Gdy odzyskał równowagę, Bibhatsu szył w Dronę bełty.
sa vihvalitasarvāṅgaḥ kṣitikampe yathācalaḥ /
dhairyam ālambya bībhatsur droṇaṃ vivyādha patribhiḥ //
Drona w odwecie pięć bełtów w Wasudewę dziarsko wraził,
siedemdziesiąt trzy w Ardźunę, trzema zaś ściął mu proporzec.
droṇastu pañcabhir bāṇair vāsudevam atāḍayat /
arjunaṃ ca trisaptatyā dhvajaṃ cāsya tribhiḥ śaraiḥ //
Mężny Drona przezwyciężył deszczem strzał swojego ucznia
oraz sprawił, że Ardźuna, o królu, na chwilę zniknął.
viśeṣayiṣyañ śiṣyaṃ ca droṇo rājan parākramī /
adṛśyam arjunaṃ cakre nimeṣāccharavṛṣṭibhiḥ //
Zwartą masą spadające ujrzeliśmy jego strzały,
łuk zaś syna Bharadwadźi był napięty niczym koło.
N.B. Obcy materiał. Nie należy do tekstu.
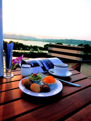 索菲特的钻石露台要论观景级别,恐怕VVS钻石尚可比拟。据说法国雅高的总裁一踏上这个露台就high了。大半个西湖尽收眼底,群山环抱着一湖碧水。夏夜的烧烤,午后的下午茶,或者看烟火、甚至结婚摆酒,在这里上演的桥段总是情调漫溢。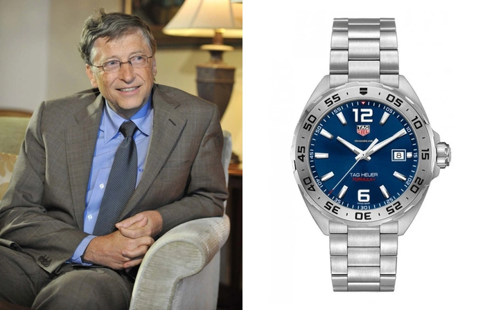 Mẫu đắt nhất của tỷ phú Bill Gates là Tag Heuer Professional 2000, giá 1.400 USD. Vỏ và dây thép không gỉ, mặt xanh lam, kim phát sáng, bezel xoay một chiều lấy cảm hứng F1, chống nước 200 m.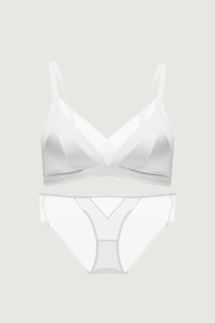 ソフトサポート美胸トライアングルブラ 上下セット|ヒースグレイ

prasaktān patato 'drākṣma bhāradvājasya sāyakān /
maṇḍalīkṛtam evāsya dhanuścādṛśyatādbhutam //
Liczne czaplopióre strzały słane przez Dronę w zmaganiach
uderzyły, wielki królu, w Wasudewę i Ardźunę.
te 'bhyayuḥ samare rājan vāsudevadhanaṃjayau /
droṇasṛṣṭāḥ subahavaḥ kaṅkapatraparicchadāḥ //
Gdy przemądry Wasudewa ujrzał taki pojedynek
Drony oraz syna Pandu, począł dumać o zadaniu.
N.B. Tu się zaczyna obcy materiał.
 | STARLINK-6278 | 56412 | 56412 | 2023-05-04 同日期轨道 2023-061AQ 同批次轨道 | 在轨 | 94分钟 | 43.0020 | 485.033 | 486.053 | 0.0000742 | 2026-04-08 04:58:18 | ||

tad dṛṣṭvā tādṛśaṃ yuddhaṃ droṇapāṇḍavayostadā /
vāsudevo mahābuddhiḥ kāryavattām acintayat //
I przemówił Wasudewa do Zwycięzcy Dóbr w te słowa:
„Synu Prythy, długoręki, czasu więcej tu nie traćmy!
tato 'bravīd vāsudevo dhanaṃjayam idaṃ vacaḥ /
pārtha pārtha mahābāho na naḥ kālātyayo bhavet //
Zaniechajmy walki z Droną, spełńmy cel nasz pierwszej wagi”.
Prythy syn odrzekł do Kryszny: „Jak, Keśawo, sobie życzysz”.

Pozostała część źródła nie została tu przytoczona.